Polio-Like Disease AFM Is Affecting Kids Around the Country

- Add the Keystone State to the list of places now dealing with a mysterious polio-like illness that can partially paralyze children. Potential causes can be viruses, environmental toxins and genetic disorders, the CDC said. "They may have facial weakness, facial drooping, unable to speak, trouble swallowing", said Dr. Marcelo Malakooti.
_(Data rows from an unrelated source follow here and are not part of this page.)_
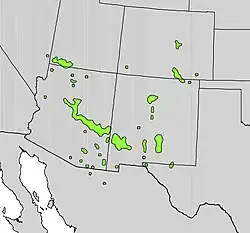 Robinia neomexicana is native to the Southwestern United States (southeastern California and southwestern Utah, Virgin River region,[4] east through Arizona and New Mexico, the Rio Grande valley, to far west Texas) and adjoining northern Mexico; from central New Mexico the range extends north into Colorado, mostly the eastern foothills of the Rocky Mountains. In Arizona, it ranges across the Arizona transition zone, the Mogollon Rim and White Mountains, and into western and southwestern New Mexico.[4]
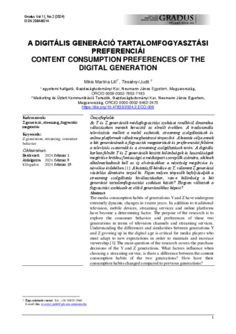Mikis, Martina and Tessényi, Judit (2024) A digitális generáció tartalomfogyasztási preferenciái = Content consumption preferences of the digital generation. GRADUS, 11 (2). ISSN 2064-8014
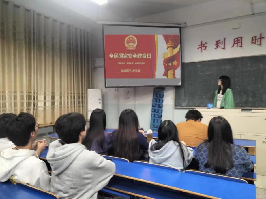 4月11日、12日,动物医学23级全体团支部开展以“国家安全,青春挺膺”为主题的团日活动,团支书为团员们介绍了总体国家安全观的发展情况、核心内容、包括领域以及核心要义,引导团员青年明确“全民国家安全教育日”的重要性。

As limbs become weak, a patient might lose the ability to use their arms or legs.

She was later diagnosed with acute flaccid myelitis and has been undergoing treatment for the last month at Lurie Children's Hospital.

The Washington Department of Health is working with the Centers for Disease Control and Prevention to confirm if the children have AFM. Treatment mainly boils down to alleviating those symptoms.

However, it can be hard to detect how patients actually get AFM.

"Most of the cases [of AFM] that CDC has learned about have been in children", the CDC writes on its website.

"The CDC has acknowledged that 362 cases of AFM have been reported since 2014, indicating an increasing infection rate".

Indeed, there has been an uptick in cases of AFM across the country.

"The patients are now undergoing diagnostic procedures and treatment", said Andrea Kunicky, a spokeswoman for UPMC Children's Hospital of Pittsburgh, where the children are being treated.

There were two other suspected cases of AFM in the state earlier this year, according to Schultz.

This year alone - from January through September - there have been 38 confirmed cases in 16 different states, according to the agency. These states include California, Florida, Massachusetts, New York, Pennsylvania, Texas and Virginia.

"Oftentimes, despite extensive lab tests, the cause of a patient's AFM is not identified", the CDC says.

However, a person can catch a virus from someone that leads to AFM.

The children, who are all under the age of 6, all reportedly had symptoms of a respiratory illness in the week prior to developing symptoms of AFM. The condition was first described in 2014 and doctors assumed a virus was to blame, but they didn't know which one.

The CDC recommends getting children vaccinated against the poliovirus, as well as protecting against bites from mosquitos (which carry the West Nile virus).